This guest post is part of our ASC blog series published in conjunction with the meeting of the American Society of Criminology in San Francisco, CA, November 13-16.

By Shannon E. Reid and Matthew Valasik, authors of Alt-Right Gangs: A Hazy Shade of White (forthcoming, Fall 2020)


The public resurgence of the White Power Movement (WPM) in Charlottesville, Virginia was a turning point in United States history. It was at this moment when the WPM, under the banner of the Alt-Right, blipped back on to the radar of mainstream Americans. The level of vitriol and barefaced far-right messaging, with such chants as “blood and soil,” “Jews will not replace us” and “White lives matter” along with brandishing flaming tiki torches evoked the nightmares of a Ku Klux Klan rally. These images shocked many, as public displays of blatant white supremacy had receded from our collative memory in America’s alleged “post-racial” society. Unfortunately, as those studying the far-right would attest, the WPM never disappeared, with the Alt-Right being the WPM’s newest visage.

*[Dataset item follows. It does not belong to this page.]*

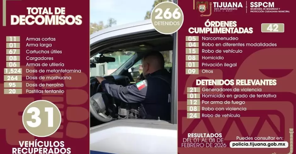 TIJUANA.- La Secretaría de Seguridad y Protección Ciudadana Municipal (SSPCM) informa que, durante el periodo del 1 al 8 de febrero, detuvo a 266 personas como presuntos responsables de diversos delitos y aseguró 12 armas de fuego, como parte de la estrategia de seguridad implementada por el presidente municipal de Tijuana, Ismael Burgueño Ruiz, la cual busca reforzar la tranquilidad y el orden en la ciudad.
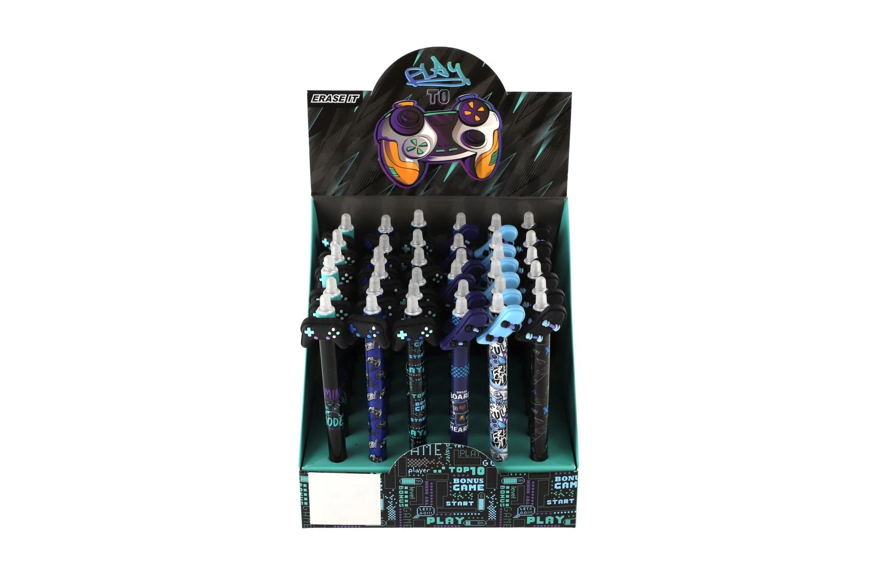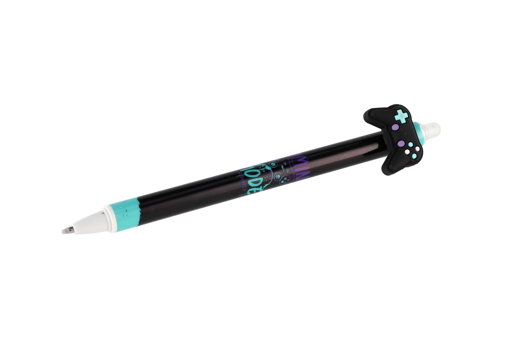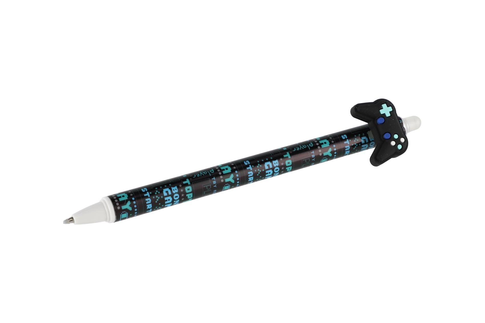 Kiekvienas rašiklis turi originalų topperį žaidimų pulto, riedlentės, varlytės ar sparnų formos ir yra papuoštas moderniais juodos bei mėlynos paletės atspaudais. Dėl trinamo rašalo lengvai pataisysi smulkias klaidas be dėmių.

A subset of the WPM is youthful, and these newly branded Alt-Right gangs, having evolved from supposedly nonaligned groups into semi-structured groups that participate in crime and violence, have caught law enforcement, policymakers, and academics off guard. This has left agencies ill-prepared to understand why youth join these groups, and how to deal with them. Yet, for those who study conventional street gangs, and the violence they engage in, what is being witnessed today with Alt-Right gangs is not unique. It is because of this overlap that gang researchers are placed in a unique position to demystify these groups.

The purpose of Alt-Right Gangs: A Hazy Shade of White (forthcoming, Fall 2020) is twofold. First, we provide a necessary and timely discussion of present-day youth-oriented groups in the WPM, what we term Alt-Right gangs, and how they need to be explicitly incorporated into the current paradigm of street gang research. This goal is centered on providing academics, students, policymakers, and law enforcement with a better understanding and, ideally, knowledge that can be harnessed for combatting membership into the groups. Second, we develop a pathway forward to steer future research in studying Alt-Right gangs, along with their members.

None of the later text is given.